Ник Сентябрь 2013
Я прихожу в себя, протягиваю руку и чувствую шероховатую рану на лбу.
«Шок» — первое слово, которое приходит на ум.
«Изабелла» — второе слово, которое мимолетно появляется в моем подсознании. Как по команде поворачиваю голову в поиске моей жены.
«Жена» — третье слово, которое отдается в моих костях. Я оцепенел, как будто бы знал, что она была отделена от меня, словно артерия, которую случайно удалили на операционном столе.
Случайно.
Все это произошло случайно.
Позже этой же ночью
Угрюмо я иду к грязному кофейному автомату и в четвертый раз наполняю маленький бумажный стаканчик. Я не знаю, зачем пью так много кофе. Мне это не нравится, но я должен бодрствовать. Могу гарантировать, что не буду спать в ближайшее время. Независимо от результата. Поэтому сажусь и потягиваю неприятную на вкус жидкость, Бриа шевелится рядом со мной. Я ужасный отец, потому что позволил ей спать здесь. Но разве у меня есть выбор?
Я наблюдаю за общением семьи возле меня — жены, мужа и их двоих маленьких сыновей.
Они выглядят счастливыми. Как может кто-то быть счастливым в больнице?

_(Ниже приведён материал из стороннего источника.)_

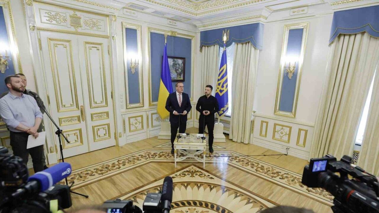 Almanya Savunma Bakanı Boris Pistorius, Ukrayna’ya düzenlediği sürpriz ziyaret kapsamında Ukrayna Devlet Başkanı Vladimir Zelenskiy ile bir araya geldi. Görüşmenin ardından Zelenskiy ve Pistorius, ortak basın toplantısı düzenledi.

Не могу сидеть, не двигаясь. Я слишком нетерпелив: чувствую, как неприятное пугающее бульканье обжигает и прокладывает себе путь вверх пищевода. И все же я не могу сидеть, не двигаясь. Нервная система моего тела разрушена кофеином, а мой разум парализован паникой и страхом. Как я с этим смирился? Разве это возможно?
Итак, я волнуюсь. Я встал. Снова сел, потому что нечем заняться.
Где Сесилия и Фрэнк? Они должны были появиться здесь тридцать минут назад. Я слышу, как открываются входные двери в больницу, будто мой разум вызвал их. Сесилия вбежала с Фрэнком, медленно плетущимся позади нее.
Она выглядит встревоженной и самоуверенной.
Он похож на дерьмо.
— О, мой бог, Ник, что произошло? — Из-за ее испуганного голоса у меня поднимается давление, и чувствую, как горло сжимается, и кровь шумит в ушах. Я не могу даже позволить себе думать о последствиях, и не собираюсь говорить об этом с Сесилией.
— Я не знаю, — честно отвечаю я. — Я так сожалею. Я был за рулем и... — я замолкаю.
Мне ненавистно то, как безразлично я говорю. Знаю, что это шок, который прокладывает себе путь в мои бессердечно звучащие голосовые связки. Доктор сказал, что я могу находиться в состоянии шока в течение нескольких дней.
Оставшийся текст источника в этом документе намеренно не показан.